#### EXERCISE AIM
Repeat exactly what runs from the line with "المشاركة أقامت ثانوية" through the last line of the material, and keep the pictures out of it.

#### SUPPLIED DATA
========

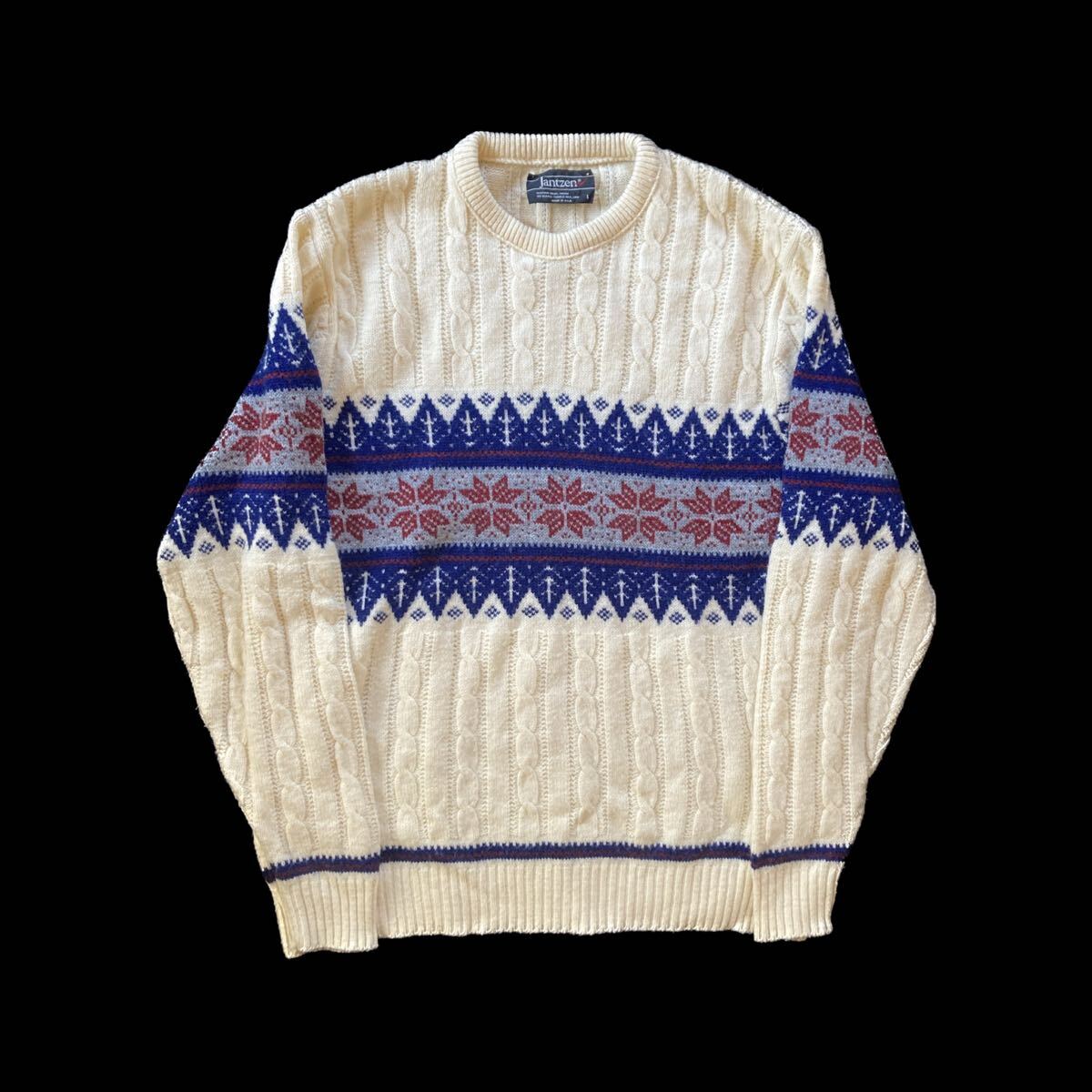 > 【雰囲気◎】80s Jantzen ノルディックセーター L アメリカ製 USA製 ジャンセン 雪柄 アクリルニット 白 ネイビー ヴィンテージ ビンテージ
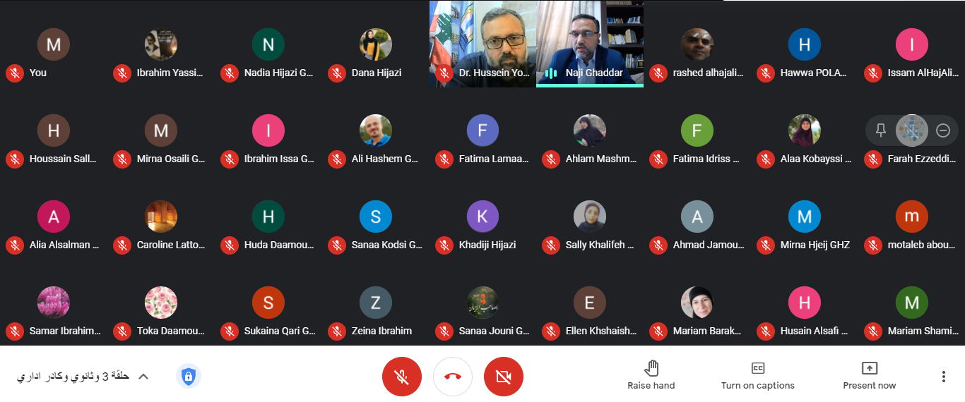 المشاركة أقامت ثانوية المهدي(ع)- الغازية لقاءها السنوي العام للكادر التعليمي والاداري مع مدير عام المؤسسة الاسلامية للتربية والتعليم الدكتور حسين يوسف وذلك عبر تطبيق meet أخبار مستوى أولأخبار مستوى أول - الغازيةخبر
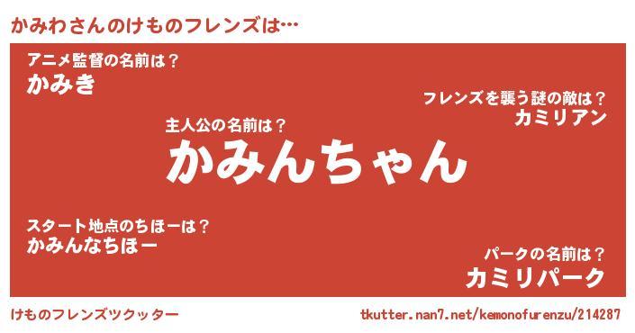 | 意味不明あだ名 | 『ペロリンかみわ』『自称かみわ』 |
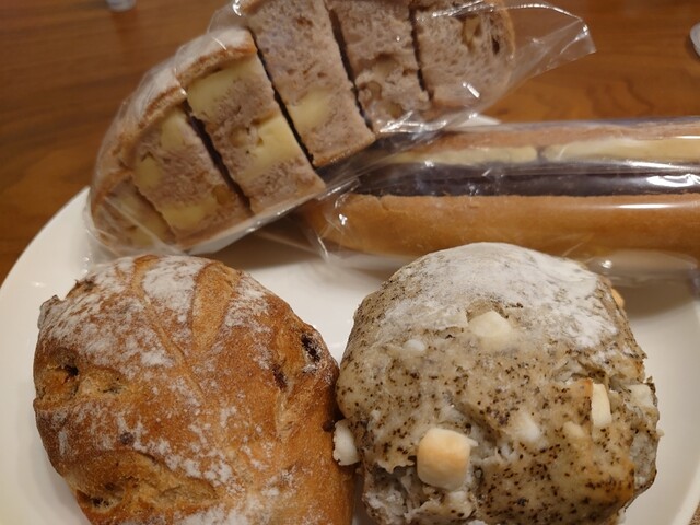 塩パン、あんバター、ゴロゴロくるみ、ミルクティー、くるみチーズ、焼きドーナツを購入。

========

#### ANSWER SECTION
 المشاركة أقامت ثانوية المهدي(ع)- الغازية لقاءها السنوي العام للكادر التعليمي والاداري مع مدير عام المؤسسة الاسلامية للتربية والتعليم الدكتور حسين يوسف وذلك عبر تطبيق meet أخبار مستوى أولأخبار مستوى أول - الغازيةخبر
 | 意味不明あだ名 | 『ペロリンかみわ』『自称かみわ』 |
 塩パン、あんバター、ゴロゴロくるみ、ミルクティー、くるみチーズ、焼きドーナツを購入。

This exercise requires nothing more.